Press Release

  • EBITDA €646.1m (up 21.7% on €530.9m of 9M 2015)

  • EBIT €378.1m (up 32.8% on €284.8m of 9M 2015)

  • Net profit €200.9m (up 47.1% on €136.6m of 9M 2015)

  • Net debt €2,138.7m (up 6.4% on 31 December 2015)

  • Investment €346.8m (up 21.8% on €284.8m of 9M 2015)


    Roma, 10 November 2016 – The Board of Directors of Acea SpA, chaired by Catia Tomasetti, has approved the report for the nine months ended 30 September 2016 (“9M 2016”).

    “Over the third quarter” - commented Acea’s Chairwoman, Catia Tomasetti - “we have proceeded with the complete digital transformation of all our operational processes and customer services, delivering continuous improvements in quality. In addition” - continued the Chairwoman - “for the first time and closely following on from implementation of recently introduced provisions in the Corporate Governance Code for Listed Companies, we have today presented our Strategic Sustainability Plan for the 2016-2020 period, setting targets that form an integral part of our Business Plan. In this way, we will ensure that our shared commitment to sustainability and to social value and responsibility remains at the heart of the Group’s strategy.”

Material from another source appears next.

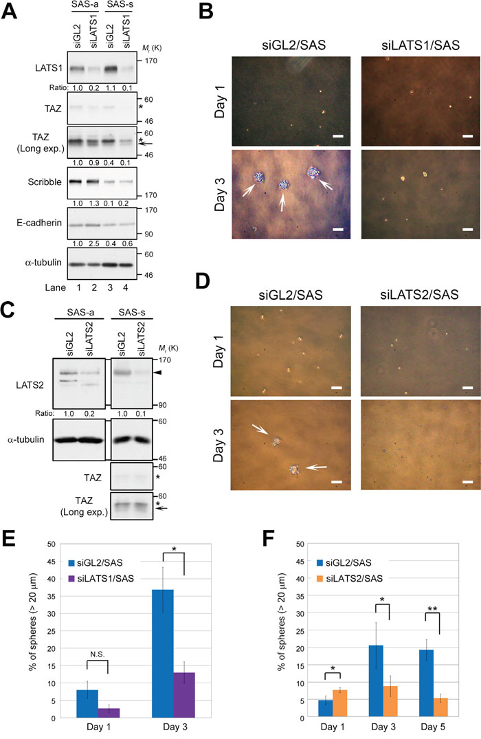To determine whether LATS1/2 are important factors for sphere formation in CSCs, we knocked down endogenous LATS1 or LATS2 using siRNA in SAS cells, and then grew the cells for one more day under conventional adherent culture conditions (termed “SAS-a” for “attached SAS”; Figure 2A, lanes 1 and 2) or in sphere-forming conditions without serum (termed “SAS-s” for “spheres”; Figure 2A, lanes 3 and 4). The level of LATS1 was elevated, whereas the level of Scribble was reduced, in SAS-s in comparison with SAS-a (Figure 2A, lanes 3 and 4). Expression of TAZ in SAS cells was very low (Figure 1C), and could not be detected unless the western blot exposure time was lengthened (Figure 2A, second and third panels from top); in any event, TAZ levels did not differ between the two conditions. Importantly, depletion of LATS1 inhibited sphere formation by SAS cells, whereas negative control cells (siGL2/SAS) formed spheres normally (Figure 2B). As with LATS1, knockdown of LATS2 also inhibited sphere formation by SAS cells (Figure 2C, 2D). Notably, depletion of LATS1 or LATS2 did not promote drastic accumulation of TAZ in SAS-a or SAS-s, although the active (non-phosphorylated) form of TAZ was slightly more abundant in LATS-knockdown cells (arrows in Figure 2A, 2C). To confirm the importance of LATS kinases in initiation of sphere formation, we measured the frequency of primary spheres > 20 μm in diameter in LATS1/2-depleted (siLATS1/SAS and siLATS2/SAS) and control SAS cells (siGL2/SAS). As expected, siLATS1/SAS and siLATS2/SAS suppressed sphere formation (frequency of spheres, ~5–10%), whereas siGL2/SAS generated a larger number of spheres after day 1 (20–40%) (Figure 2E, 2F). Double knockdown of LATS1/2 also suppressed the sphere formation (~15%), although the synergistic effect of LATS1 and LATS2 kinases was not observed in this assay (Supplementary Figure 1D, 1E). Furthermore, we confirmed that double knockdown of LATS1/2 suppressed sphere formation by another OSCC cell line, SCC-4 (Supplementary Figure 1F, 1G, 1H); however, unlike SAS cells, TAZ was detectably expressed in adherent SCC-4 cells (Supplementary Figure 1F, third panel from top). These results suggest that the LATS1/2 are required for self-renewal of CSCs, especially in the early initiation phase of sphere formation.

    “Our strong commitment to simplifying and boosting the efficiency of operational processes and to cost control” - stated Acea’s CEO, Alberto Irace - “has brought results ahead of expectations, enabling us to raise our guidance for EBITDA growth in 2016 to around 5%/6%. The year has seen successive subsidiaries adopt the new way of working, with the process due to be completed in spring 2017. In recent days, we have taken advantage of favourable market conditions to successfully complete a liability management transaction that has lengthened the average term to maturity of the Group’s debt to almost 8 years, reducing its cost to below 3%.”



    9M 2015

    9M 2016 % inc./(dec.)
    Consolidated revenue 2,167.7 2,047.5 -5.5%
    EBITDA 530.9 646.1 +21.7%
    EBIT 284.8 378.1 +32.8%
    Profit/(Loss) before tax 216.9 317.0 +46.2%
    Group net profit/(loss) (before non-controlling interests) 141.7 207.5 +46.4%
    Group net profit/(loss) (after non-controlling interests) 136.6 200.9 +47.1%



(€m) 9M 2015 9M 2016 % inc./(dec)
Investment 284.8 346.8 +21.8%


30 Sept 2015


31 Dec 2015


30 Sept 2016


% inc./(dec.)


% inc./(dec.)


Net debt












Invested capital








Revenue of €2,047.5m is down 5.5% on 9M 2015. The reduction is primarily due to a decline in the volume of electricity sold on the free market, reflecting a more selective approach to our customer base, a strategy that has enabled us to improve the quality of receivables.

Consolidated EBITDA for 9M 2016 amounts to €646.1m, marking an improvement of approximately €115m or 21.7% (up 7.3% after stripping out effect of the regulatory change introduced by AEEGSI Resolution 654/2015, which has eliminated the so-called “regulatory lag”). The change in EBITDA reflects: rising water tariffs (up €32m); an increase in margins in the Energy segment (up €17m); the performance of the Grids segment which, after stripping out the above regulatory change (€77m), reports a €15m reduction in EBITDA, primarily as a result of the fifth regulatory cycle; contributions from the Environment segment and the Parent Company (amounting to approximately €4m).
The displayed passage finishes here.